● Exercise goal
The whole listing needs to be written out exactly, except for any images.

● Available records
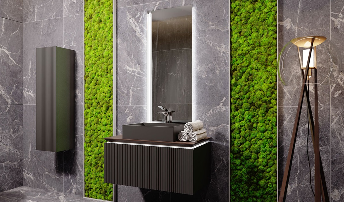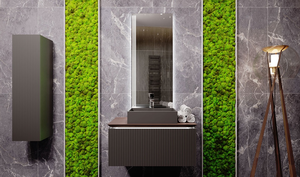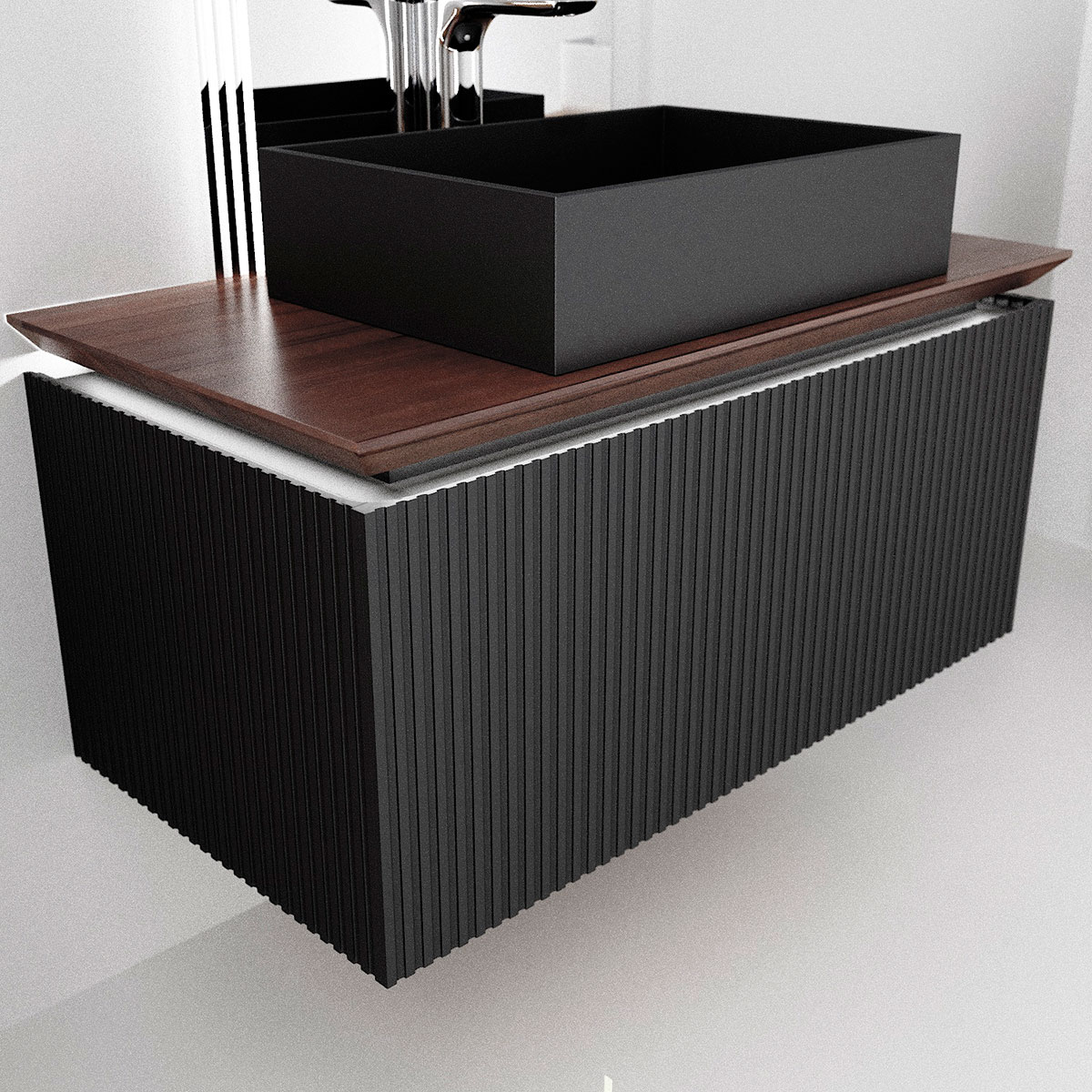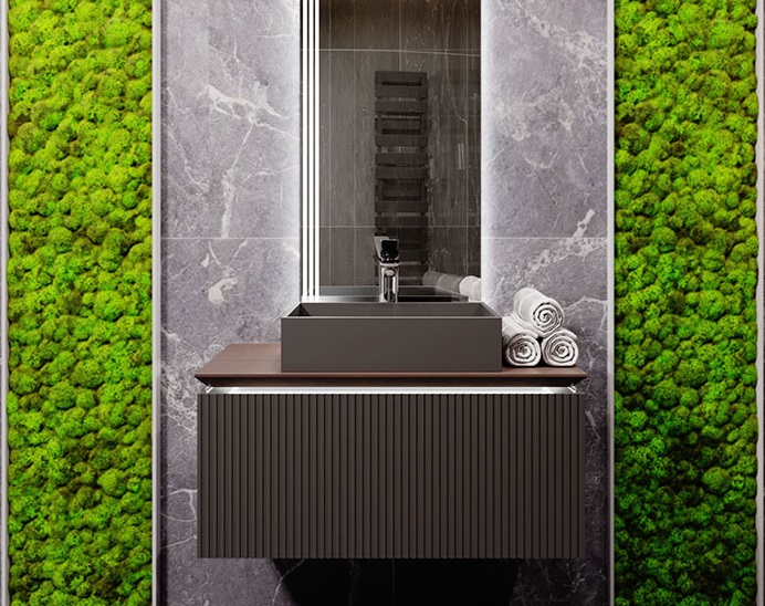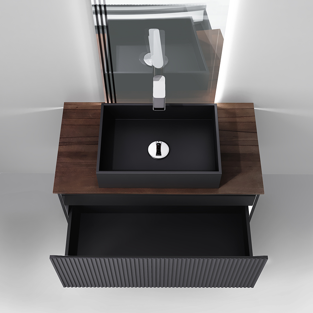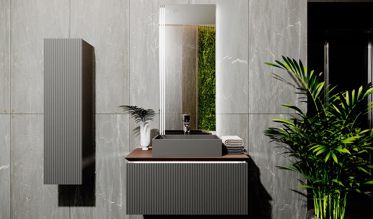 Фасад и боковины тумбы комплекта выполнены из МДФ, покрытого матовой пленкой графитового оттенка.Столешница из цельного массива бука, которому придали темный оттенок и влагостойкость, оснащена подсветкой. Внутри тумбы есть скрытый ящик. Тумба внутри и снаружи выполнена в одном цвете, что создает цельность образа.
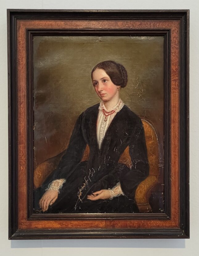 Spätestens ab diesem Punkt waren alle Beteiligten hellauf begeistert und recherchierten weiter: Ja, Mitglieder der Familie Herele hatten Schwabmünchen vor Kriegsende verlassen und sich in Nordschwaben ein neues Heim gesucht. Dort fand 2023 die Wohnungsauflösung statt, aus der die beiden Porträts in das Augsburger Auktionshaus gelangten. Die Porträts waren jedoch auf das Jahr 1851 datiert – viel zu spät also, um Alt-Bürgermeister Franz Borgias Herele und seine Frau darstellen zu können, die beide im Jahr 1848 verstorben waren. Stattdessen passten nur die Lebensdaten von zwei Mitgliedern der Familie Herele zu den Dargestellten: Jene von Julius Herele (1824-1903) und seiner Frau Maria Herele geb. Rauch (1830-1886), die im Jahr 1850 in Untermeitingen geheiratet hatten. Zwei Jahre nach dem Erwerb des Damen-Porträts war es dem Museum also tatsächlich gelungen, das Geheimnis zu lüften: Die „Dame in Schwarz“ ist Maria Herele! Damit hat das Schwabmünchner Museum nun zwei verschwägerte Hereles in seiner Gemäldesammlung. Die Herren Bauer und Grünfelder hatten hingegen endlich die Gewissheit, dass die Gemälde ihrer Vorfahren den Zweiten Weltkrieg überdauert haben.
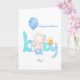 Muy lindo bebé niño con globo azul sentado sobre la letra NIÑO, felicidades por un bebé niño
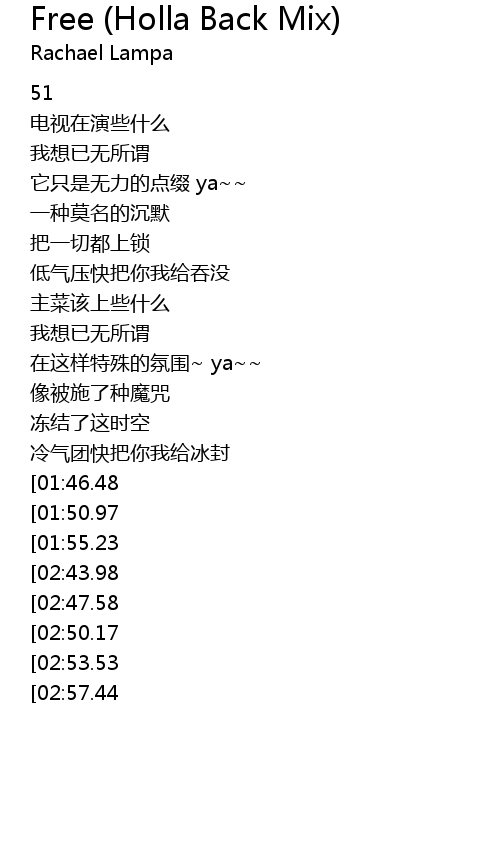 | [02:42.29][01:55.23][00:48.53] | I wanna be free |
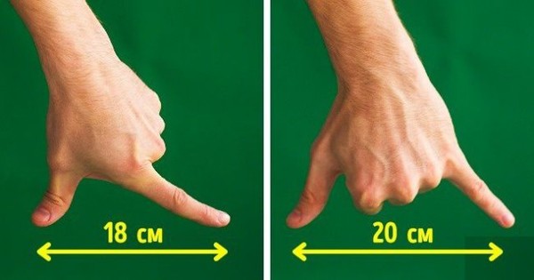Если вам нужно приблизительно измерить предмет, но под рукой нет линейки, то для этого можно обойтись пальцами одной руки. В соответствии с пропорциями человека, расстояние между кончиками большого и указательного пальцев равняется примерно 18 см, а расстояние между большим пальцем и мизинцем — около 20 см.
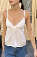Flowy tank top with v-neck, floral details, adjustable straps, and tie in the back
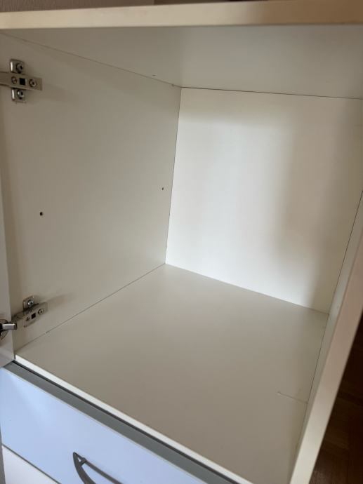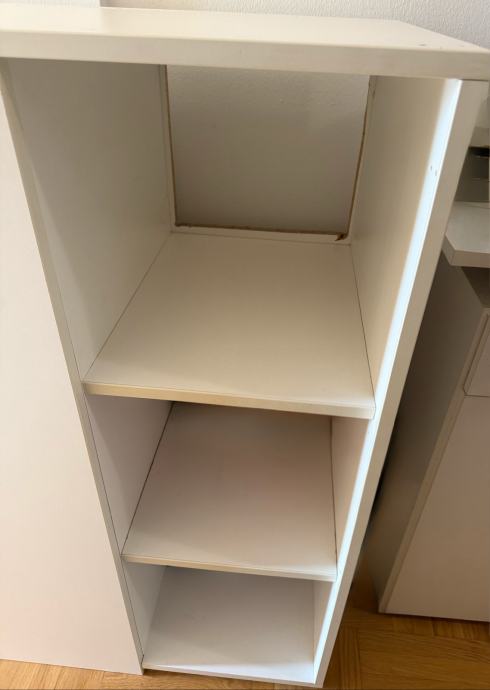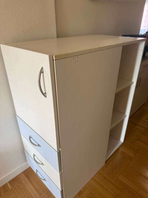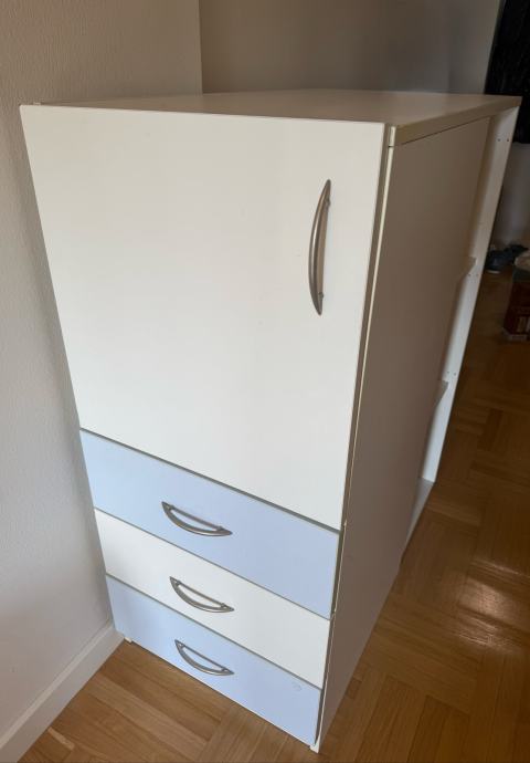 Ormar plavo bijele boje 110 cm visina, širina 49 cm i dužina 90,5 cm. Odlicna kvaliteta. Sastoji se od polica ormarica i 3 ladice
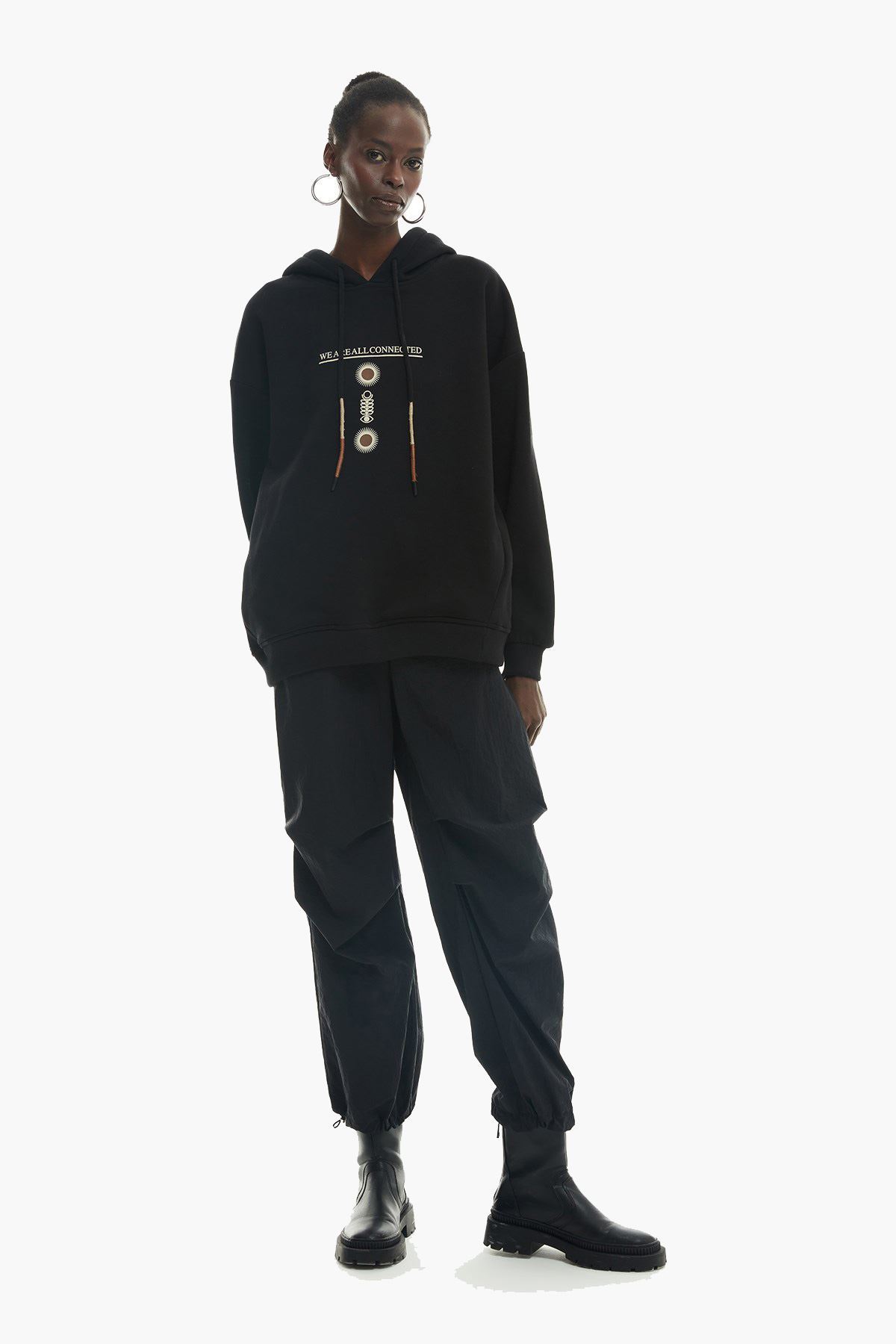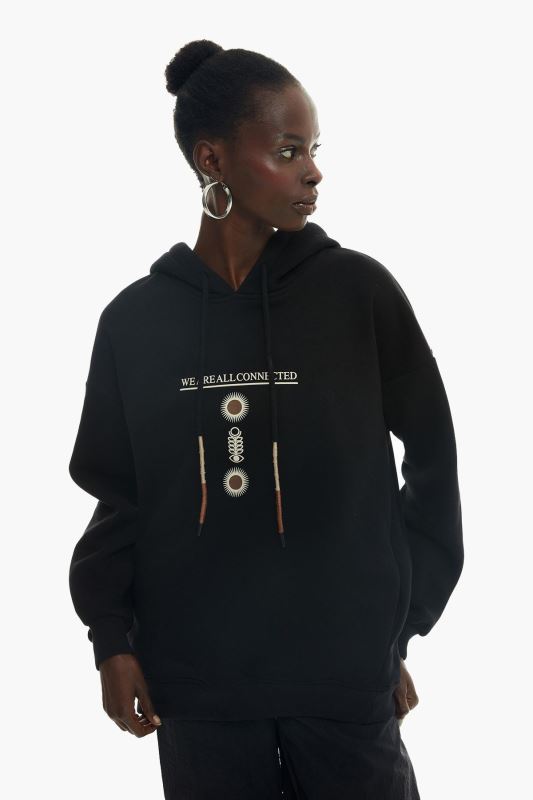 SİYAH SIRTI BASKI DETAYLI KAPÜŞONLU SWEATSHİRT
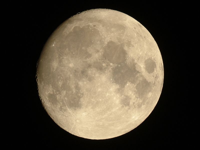 十三夜の月(月齢12.4) 1.撮影日時 : 2003年10月08日 21時38分 2.望遠鏡 : 口径200mm x 焦点距離 800mm 直焦点 F4 3.カメラ : 一眼レフデジカメ FujiFilm S2Pro 4.露出時間 : 1/500秒 ISO200 5.撮影場所 : 自宅のベランダ 6.画像処理 : 4256x2848ピクセルの画像をトリミング&リサイズ、 レベル調整&アンシャープマスク処理

● Output of the exercise
 Фасад и боковины тумбы комплекта выполнены из МДФ, покрытого матовой пленкой графитового оттенка.Столешница из цельного массива бука, которому придали темный оттенок и влагостойкость, оснащена подсветкой. Внутри тумбы есть скрытый ящик. Тумба внутри и снаружи выполнена в одном цвете, что создает цельность образа.
 Spätestens ab diesem Punkt waren alle Beteiligten hellauf begeistert und recherchierten weiter: Ja, Mitglieder der Familie Herele hatten Schwabmünchen vor Kriegsende verlassen und sich in Nordschwaben ein neues Heim gesucht. Dort fand 2023 die Wohnungsauflösung statt, aus der die beiden Porträts in das Augsburger Auktionshaus gelangten. Die Porträts waren jedoch auf das Jahr 1851 datiert – viel zu spät also, um Alt-Bürgermeister Franz Borgias Herele und seine Frau darstellen zu können, die beide im Jahr 1848 verstorben waren. Stattdessen passten nur die Lebensdaten von zwei Mitgliedern der Familie Herele zu den Dargestellten: Jene von Julius Herele (1824-1903) und seiner Frau Maria Herele geb. Rauch (1830-1886), die im Jahr 1850 in Untermeitingen geheiratet hatten. Zwei Jahre nach dem Erwerb des Damen-Porträts war es dem Museum also tatsächlich gelungen, das Geheimnis zu lüften: Die „Dame in Schwarz“ ist Maria Herele! Damit hat das Schwabmünchner Museum nun zwei verschwägerte Hereles in seiner Gemäldesammlung. Die Herren Bauer und Grünfelder hatten hingegen endlich die Gewissheit, dass die Gemälde ihrer Vorfahren den Zweiten Weltkrieg überdauert haben.
 Muy lindo bebé niño con globo azul sentado sobre la letra NIÑO, felicidades por un bebé niño
 | [02:42.29][01:55.23][00:48.53] | I wanna be free |
Если вам нужно приблизительно измерить предмет, но под рукой нет линейки, то для этого можно обойтись пальцами одной руки. В соответствии с пропорциями человека, расстояние между кончиками большого и указательного пальцев равняется примерно 18 см, а расстояние между большим пальцем и мизинцем — около 20 см.
Flowy tank top with v-neck, floral details, adjustable straps, and tie in the back
 Ormar plavo bijele boje 110 cm visina, širina 49 cm i dužina 90,5 cm. Odlicna kvaliteta. Sastoji se od polica ormarica i 3 ladice
 SİYAH SIRTI BASKI DETAYLI KAPÜŞONLU SWEATSHİRT
 十三夜の月(月齢12.4) 1.撮影日時 : 2003年10月08日 21時38分 2.望遠鏡 : 口径200mm x 焦点距離 800mm 直焦点 F4 3.カメラ : 一眼レフデジカメ FujiFilm S2Pro 4.露出時間 : 1/500秒 ISO200 5.撮影場所 : 自宅のベランダ 6.画像処理 : 4256x2848ピクセルの画像をトリミング&リサイズ、 レベル調整&アンシャープマスク処理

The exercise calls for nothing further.